[Data below]
-------

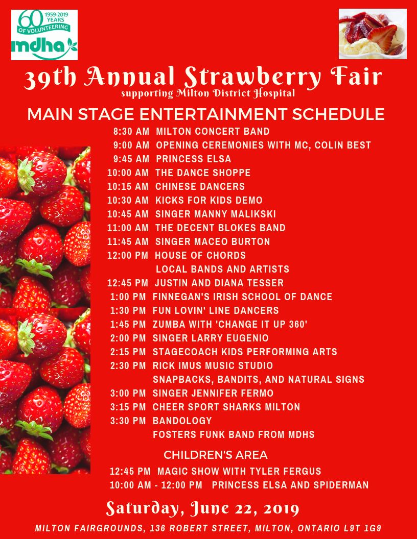 第39届草莓嘉年华!有草莓松饼早餐、各种草莓小食、儿童活动区、有Elsa和蜘蛛侠、魔术表演等...具体日程如下:
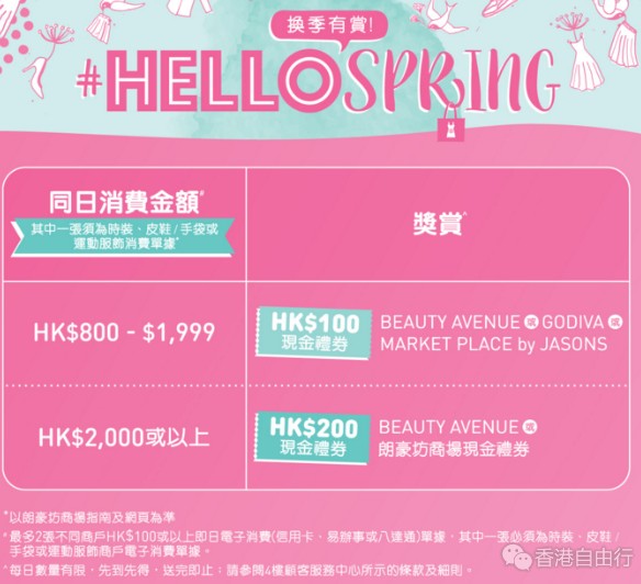 霸气承包你的换季衣橱!即日起6月7日前,于朗豪坊同日电子消费满HK$800 - $1,999(最多2张不同商户),可换领HK$100现金礼券;同日电子消费满HK$2, 000或以上(最多2张不同商户),可换领HK$200现金礼券!只要其中一张消费单据为时装、皮鞋/手袋,或运动服饰,就可以啦!
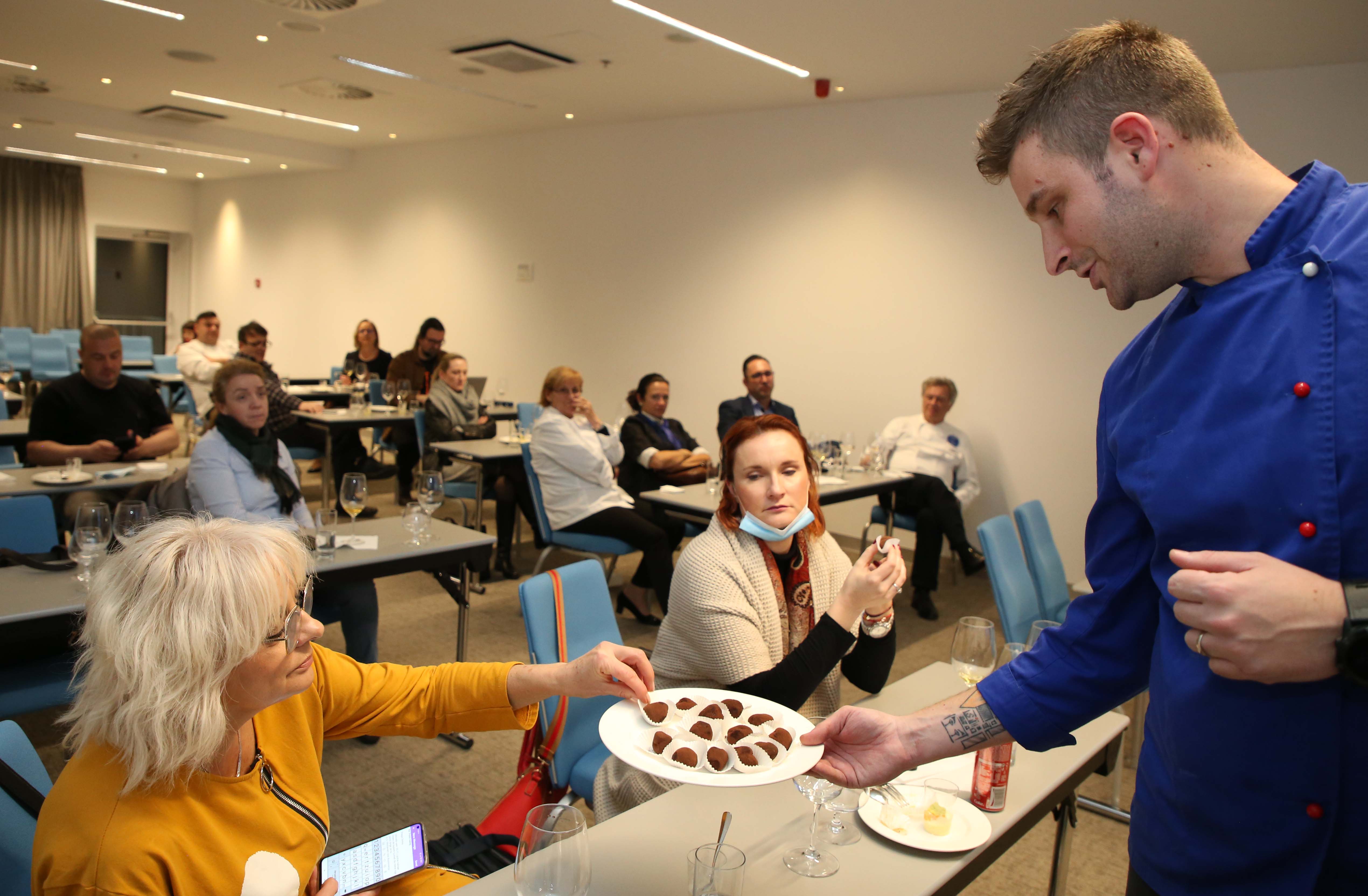 Jutarnje edukacije započeo je, pak, chef Željko Neven Bremec master classom o pripremi bijeli ribe u sklopu programa Mediterranean Culinary Arts, kojeg inače u cjelovitoj verziji vode Željko Neven Bremec, Stevo Karapandža i Hrvoje Zirojević. Splitskim je ugostiteljima, kuharima i profesionalcima iz F&B sektora, Bremec pokazao je suvremene tehnike filetiranja lubina na francuski i skandinavski način, a potom je istanjene riblje odreske poslužio u carpacciu s mandarinom i limunom. Pravio je i gregadu od romba i kokota, pržene fileta mola (oslića) s krumpir salatom, pa poslužio uz wasabi majonezu i kreme od jeruzalemske čičoke i mrkve. Pripremljena je i focaccia, vrsta talijanske tanke pogače. Stevo Karapandža, koji se pridružio Bremecu, poručio ugostiteljima na edukaciji da što više koriste brački varenik, drevni i autohtoni začin od vinskog mošta, kojeg u svojoj inačici danas više proizvode Makedonci od Hrvata.

-------

[Task brief] An exact copy of every line above is needed, without the images.

[Result of this task]
 第39届草莓嘉年华!有草莓松饼早餐、各种草莓小食、儿童活动区、有Elsa和蜘蛛侠、魔术表演等...具体日程如下:
 霸气承包你的换季衣橱!即日起6月7日前,于朗豪坊同日电子消费满HK$800 - $1,999(最多2张不同商户),可换领HK$100现金礼券;同日电子消费满HK$2, 000或以上(最多2张不同商户),可换领HK$200现金礼券!只要其中一张消费单据为时装、皮鞋/手袋,或运动服饰,就可以啦!
 Jutarnje edukacije započeo je, pak, chef Željko Neven Bremec master classom o pripremi bijeli ribe u sklopu programa Mediterranean Culinary Arts, kojeg inače u cjelovitoj verziji vode Željko Neven Bremec, Stevo Karapandža i Hrvoje Zirojević. Splitskim je ugostiteljima, kuharima i profesionalcima iz F&B sektora, Bremec pokazao je suvremene tehnike filetiranja lubina na francuski i skandinavski način, a potom je istanjene riblje odreske poslužio u carpacciu s mandarinom i limunom. Pravio je i gregadu od romba i kokota, pržene fileta mola (oslića) s krumpir salatom, pa poslužio uz wasabi majonezu i kreme od jeruzalemske čičoke i mrkve. Pripremljena je i focaccia, vrsta talijanske tanke pogače. Stevo Karapandža, koji se pridružio Bremecu, poručio ugostiteljima na edukaciji da što više koriste brački varenik, drevni i autohtoni začin od vinskog mošta, kojeg u svojoj inačici danas više proizvode Makedonci od Hrvata.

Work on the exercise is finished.